**Available data**
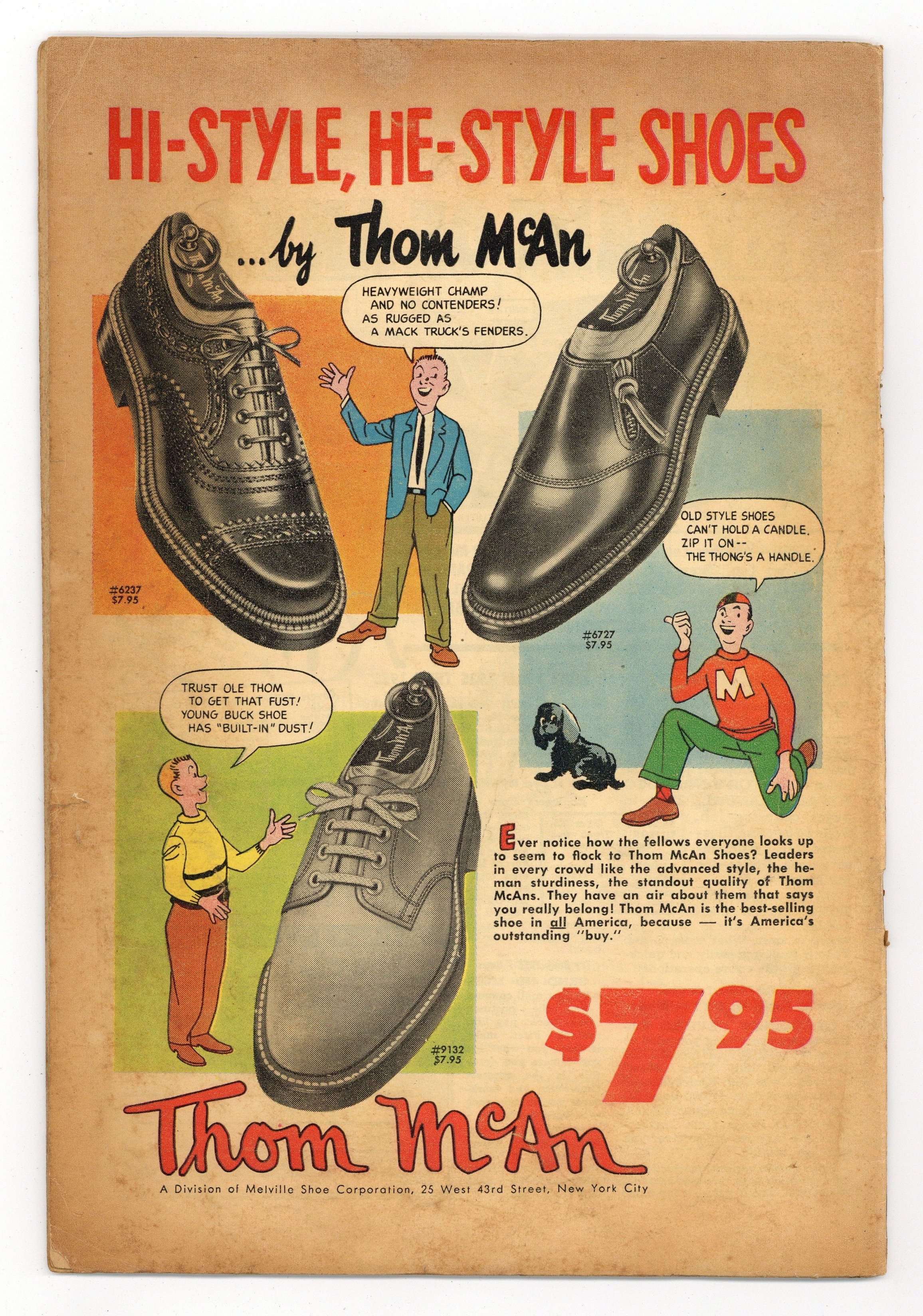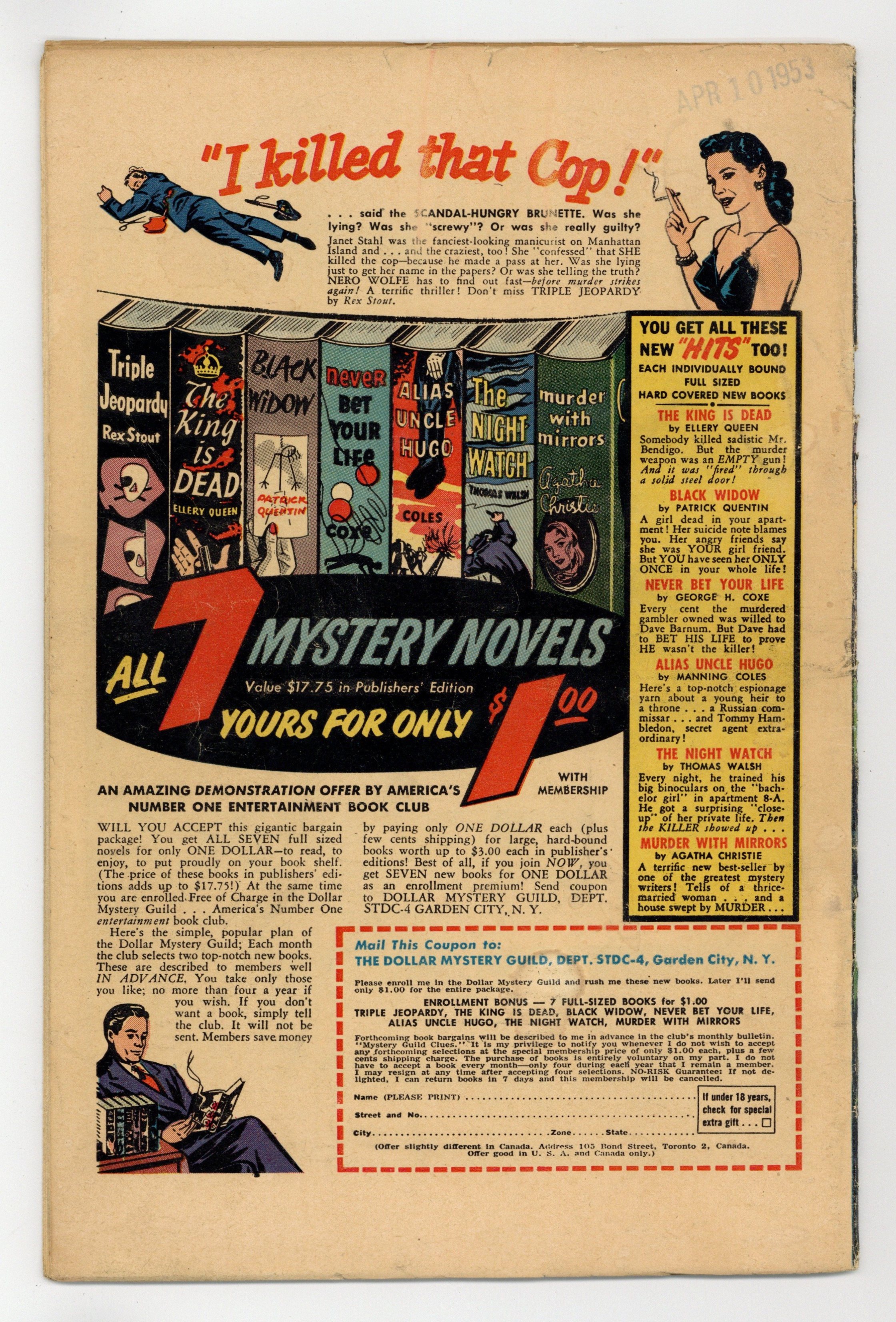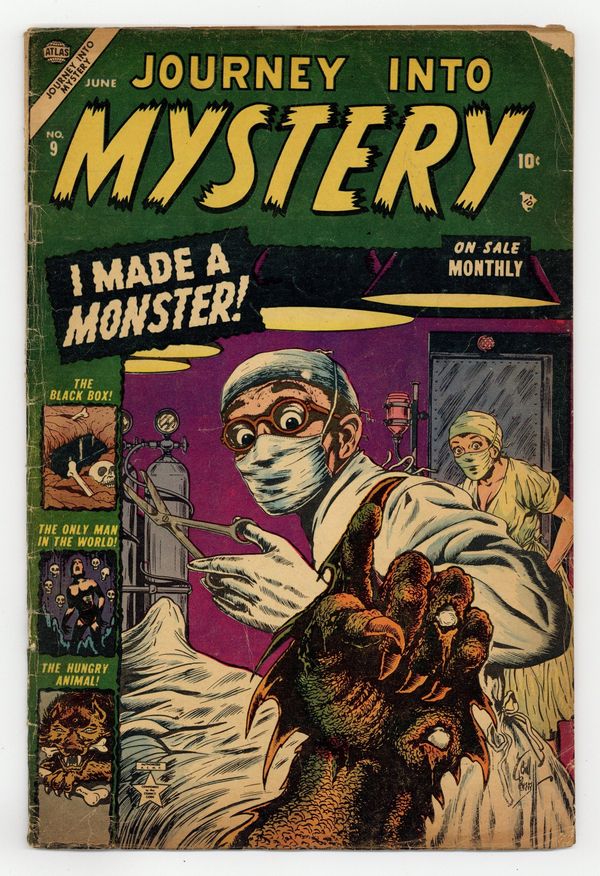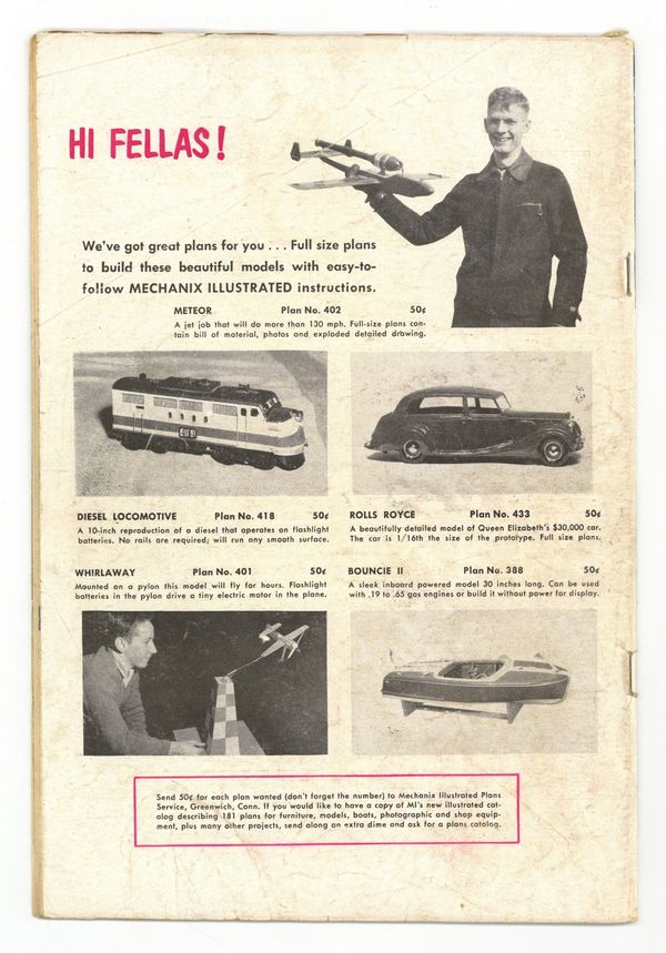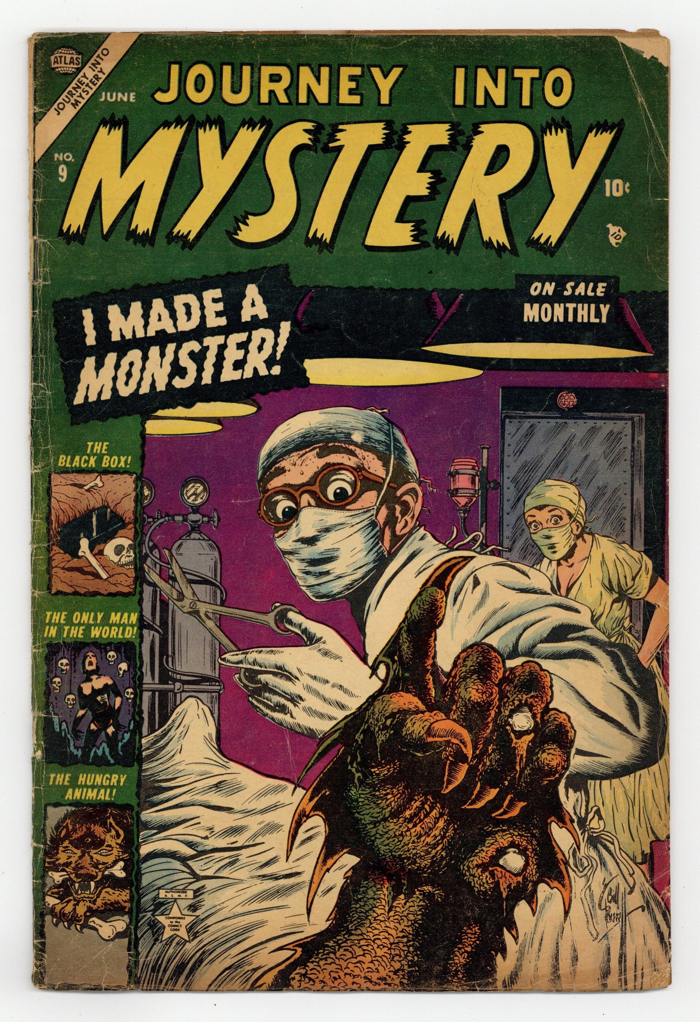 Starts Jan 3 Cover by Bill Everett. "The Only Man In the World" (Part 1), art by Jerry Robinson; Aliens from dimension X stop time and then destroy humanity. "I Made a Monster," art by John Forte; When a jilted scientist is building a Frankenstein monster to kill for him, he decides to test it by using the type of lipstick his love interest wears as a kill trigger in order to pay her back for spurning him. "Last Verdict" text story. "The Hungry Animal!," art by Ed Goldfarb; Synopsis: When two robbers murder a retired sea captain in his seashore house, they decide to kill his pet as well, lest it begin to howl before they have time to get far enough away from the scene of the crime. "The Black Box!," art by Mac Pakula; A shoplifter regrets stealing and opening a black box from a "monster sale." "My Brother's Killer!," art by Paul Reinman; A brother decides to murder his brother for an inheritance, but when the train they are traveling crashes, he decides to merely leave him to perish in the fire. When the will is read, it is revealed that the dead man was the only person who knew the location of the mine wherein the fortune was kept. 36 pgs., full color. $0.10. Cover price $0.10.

--

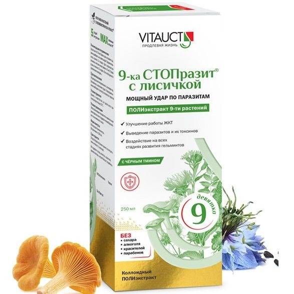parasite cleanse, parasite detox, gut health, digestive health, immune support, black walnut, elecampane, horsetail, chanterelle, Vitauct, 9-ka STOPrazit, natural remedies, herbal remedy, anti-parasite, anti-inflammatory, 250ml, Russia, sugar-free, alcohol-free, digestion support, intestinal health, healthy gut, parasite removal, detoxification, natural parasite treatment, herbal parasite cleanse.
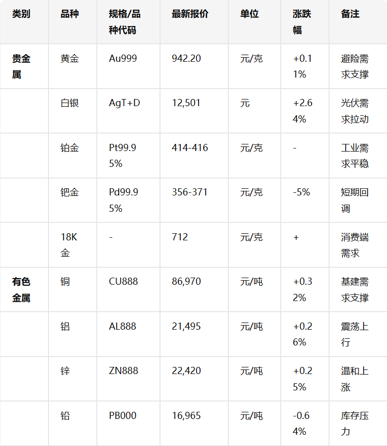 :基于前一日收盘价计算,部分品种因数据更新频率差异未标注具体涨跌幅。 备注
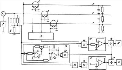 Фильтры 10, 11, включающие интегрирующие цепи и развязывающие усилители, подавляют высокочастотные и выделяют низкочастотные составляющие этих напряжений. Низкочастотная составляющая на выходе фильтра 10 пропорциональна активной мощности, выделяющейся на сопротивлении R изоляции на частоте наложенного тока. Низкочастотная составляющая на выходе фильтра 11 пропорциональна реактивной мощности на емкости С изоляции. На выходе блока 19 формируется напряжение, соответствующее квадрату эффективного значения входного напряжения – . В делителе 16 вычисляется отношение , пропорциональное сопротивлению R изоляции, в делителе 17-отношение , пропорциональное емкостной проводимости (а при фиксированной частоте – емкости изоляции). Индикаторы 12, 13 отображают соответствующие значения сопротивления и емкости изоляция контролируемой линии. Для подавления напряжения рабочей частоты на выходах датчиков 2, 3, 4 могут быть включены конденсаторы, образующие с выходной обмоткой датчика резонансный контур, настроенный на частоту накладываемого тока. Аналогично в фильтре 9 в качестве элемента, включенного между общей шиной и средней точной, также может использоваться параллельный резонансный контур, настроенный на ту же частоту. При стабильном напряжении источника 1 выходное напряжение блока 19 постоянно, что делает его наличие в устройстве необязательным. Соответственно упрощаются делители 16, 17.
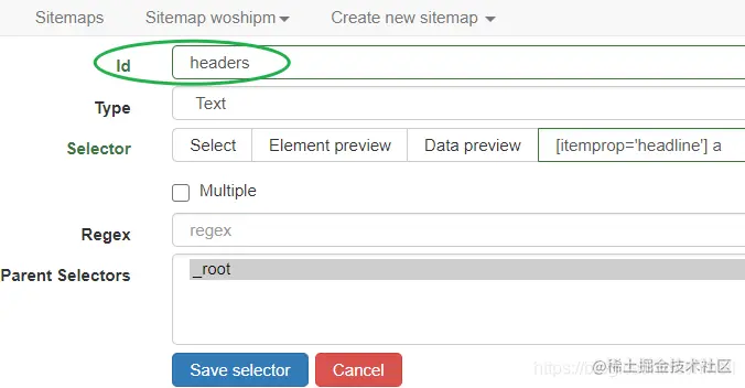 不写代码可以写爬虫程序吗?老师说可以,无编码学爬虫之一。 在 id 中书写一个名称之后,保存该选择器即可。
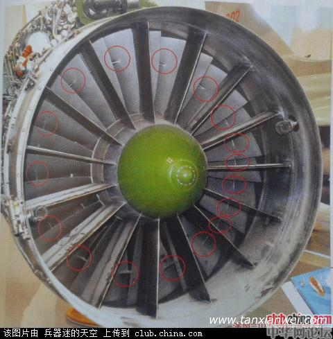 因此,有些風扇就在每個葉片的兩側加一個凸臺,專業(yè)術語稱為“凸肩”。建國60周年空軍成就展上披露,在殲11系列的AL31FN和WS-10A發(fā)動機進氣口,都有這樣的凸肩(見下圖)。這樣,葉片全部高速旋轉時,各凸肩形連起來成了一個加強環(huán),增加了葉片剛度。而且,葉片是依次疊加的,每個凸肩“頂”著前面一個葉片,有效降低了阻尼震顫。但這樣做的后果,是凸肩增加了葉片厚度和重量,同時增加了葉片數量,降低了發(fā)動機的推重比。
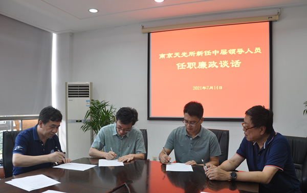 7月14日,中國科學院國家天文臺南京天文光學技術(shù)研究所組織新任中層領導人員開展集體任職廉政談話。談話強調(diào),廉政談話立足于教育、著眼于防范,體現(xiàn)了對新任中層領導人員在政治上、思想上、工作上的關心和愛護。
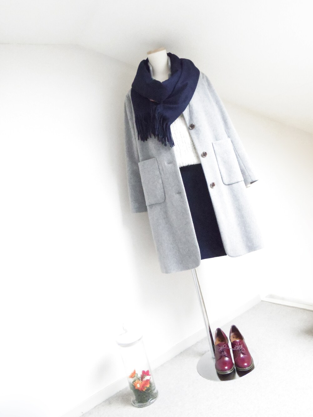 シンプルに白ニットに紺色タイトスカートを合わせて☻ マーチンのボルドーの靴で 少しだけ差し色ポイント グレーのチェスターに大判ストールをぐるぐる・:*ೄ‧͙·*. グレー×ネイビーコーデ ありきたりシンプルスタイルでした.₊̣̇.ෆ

**The problem**
To complete this exercise, transcribe exactly the lines above from the one that holds "因此,有些風扇就在每個葉片的" through the one that holds "シンプルに白ニットに紺色タイトスカートを合わせて☻ マーチンのボルドーの靴で 少しだけ差し色ポイント". Pictures stay out.

**Response below**
 因此,有些風扇就在每個葉片的兩側加一個凸臺,專業(yè)術語稱為“凸肩”。建國60周年空軍成就展上披露,在殲11系列的AL31FN和WS-10A發(fā)動機進氣口,都有這樣的凸肩(見下圖)。這樣,葉片全部高速旋轉時,各凸肩形連起來成了一個加強環(huán),增加了葉片剛度。而且,葉片是依次疊加的,每個凸肩“頂”著前面一個葉片,有效降低了阻尼震顫。但這樣做的后果,是凸肩增加了葉片厚度和重量,同時增加了葉片數量,降低了發(fā)動機的推重比。
 7月14日,中國科學院國家天文臺南京天文光學技術(shù)研究所組織新任中層領導人員開展集體任職廉政談話。談話強調(diào),廉政談話立足于教育、著眼于防范,體現(xiàn)了對新任中層領導人員在政治上、思想上、工作上的關心和愛護。
 シンプルに白ニットに紺色タイトスカートを合わせて☻ マーチンのボルドーの靴で 少しだけ差し色ポイント グレーのチェスターに大判ストールをぐるぐる・:*ೄ‧͙·*. グレー×ネイビーコーデ ありきたりシンプルスタイルでした.₊̣̇.ෆ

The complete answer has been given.